To be a leader, a person has to not only be out front, but also have people intentionally coming behind him, following his lead, and acting on his vision.

Positional leadership doesn’t work in volunteer organizations. If a leader doesn’t have leverage — or influence — then he is ineffective.

Most followers are pretty cooperative when their livelihood is at stake.

Followers in voluntary organizations cannot be forced to get on board. If the leader has no influence with them, then they won’t follow.

“He who thinks he leads, but has no followers, is only taking a walk.”

How Does Influence Work?

Real leadership is being the person others will gladly and confidently follow.

If there is an issue that needs to be decided, who is the person whose opinion seems most valuable?

You start to communicate effectively. This leads to recognition and recognition in turn leads to influence.

The 5 Levels of Leadership

1. Position (Rights) – People follow because they have to. Your influence will not extend beyond the lines of your job description. The longer you stay here, the higher the turnover and the lower the morale.

2. Permission (Relationship) – People follow because they want to. People will follow you beyond your stated authority. This level allows work to be fun. Caution: Staying too long on this level without rising will cause highly motivated people to become restless.

3. Production (Results) – People follow because of what you have done for the organization. This is where success is sensed by most people. They will like you and what you are doing. Problems are fixed with very little effort because of momentum.

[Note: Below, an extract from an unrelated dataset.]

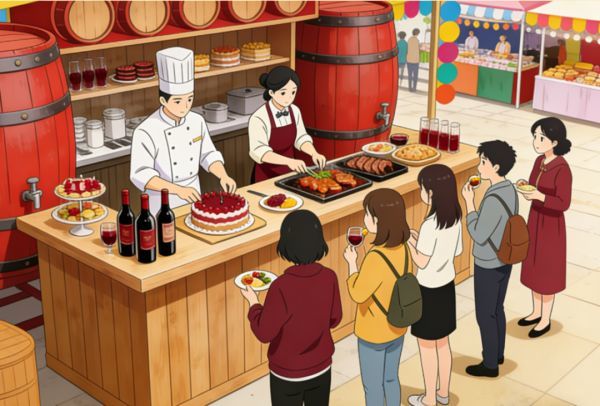 联动红酒打造美食DIY特色餐区,专业厨师与烘焙师精心搭配红酒与美食组合。你可以品尝创意佳肴,更能亲自参与美食DIY活动,如制作红酒蛋糕、红酒炖肉等,感受美食与红酒碰撞出的奇妙火花。

4. People Development (Reproduction) – People follow because of what you have done for them. This is where long-range growth occurs. Your commitment to developing leaders will insure ongoing growth to the organization and to people. Do whatever you can to achieve and stay on this level.

5. Personhood (Respect) – People follow because of who you are and what you represent. This step is reserved for leaders who have spent years growing people and organizations. Few make it. Those who do are bigger than life.

White collar workers are used to participating in decision-making and resent dictatorial leadership.

People don’t care how much you know until they know how much you care. Leadership begins with the heart, not the head.

On this level, the leader donates times, energy, and focus on the follower’s needs and desires.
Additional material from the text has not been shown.